A multi-disciplinary, multi-agency inspection team led by the Victorian Ombudsman will inspect Port Phillip Prison, Malmsbury Youth Justice Precinct and Secure Welfare Services, looking at practices related to ‘solitary confinement’ on children and young people.
Ombudsman Deborah Glass said the inspections would occur over March and April 2019 and would be carried out in line with the United Nations Optional Protocol to the Convention against Torture (OPCAT).
Port Phillip Prison is Victoria’s largest maximum-security prison with a dedicated youth unit, while the Malmsbury Youth Justice Precinct is a centre for males aged 15-20 and Secure Welfare Services are facilities for children and young people under child protection orders who are at substantial and immediate risk of harm.
In an Australian first, Ms Glass has established an advisory group comprised of leading oversight bodies and civil society organisations to assist her investigation.

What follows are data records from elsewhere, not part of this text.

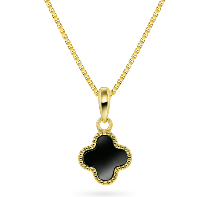 Pan Jewelry, Kløver smykke i 925 forgylt sølv med sort kløver og 42 cm gullforgylt kjede.
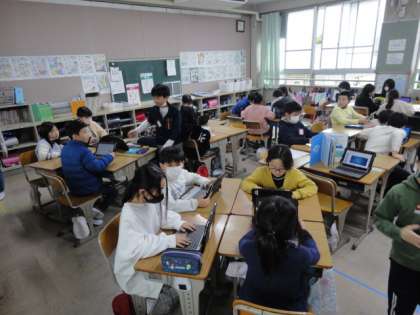 4の1と4の2は総合的な学習の時間で取り組んでいる、災害や地域防災について工夫を凝らした楽しい発表準備をしています。発表会が楽しみですね。
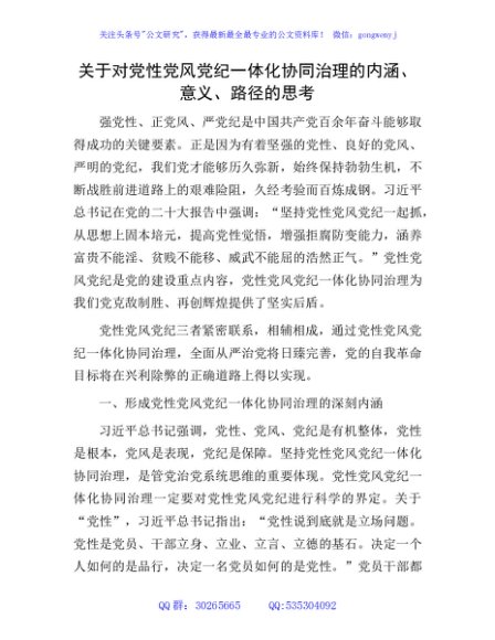 对党性党风党纪一体化协同治理的内涵、意义、路径的思考(调研报告)
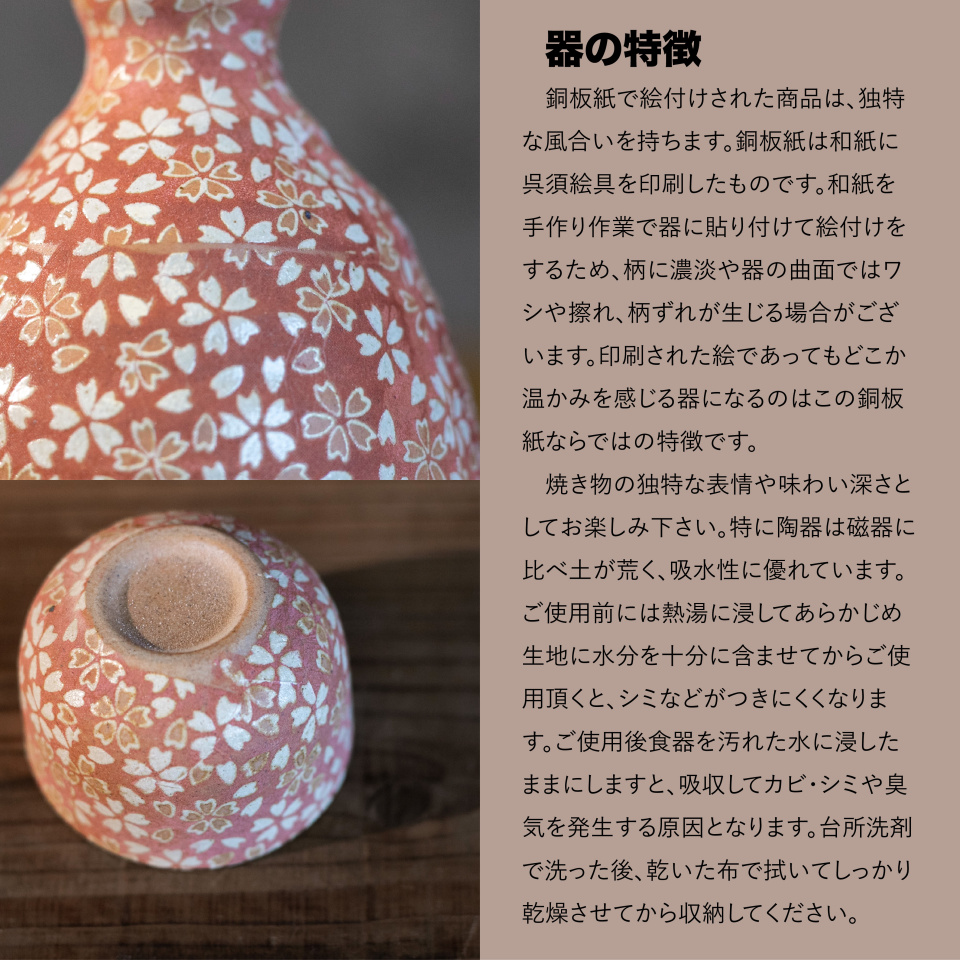 転写紙による絵付の技法で、職人が時間と手間を掛けて丁寧に一つひとつ入念な手作業でお作りしております。

Members of the advisory group will be providing staff and other expertise to the inspection team, including expertise in dealing with childhood trauma and mental health.
Ms Glass said the inspection team would be joined by relevant experts, including Angus Mulready-Jones, the lead inspector for facilities detaining children and young people from Her Majesty’s Inspectorate of Prisons, the coordinating body for National Preventative Mechanisms under OPCAT in the UK.
“Preventive inspections carried out under the OPCAT model seek to identify risks that may lead to ill-treatment of detained people,” Ms Glass said.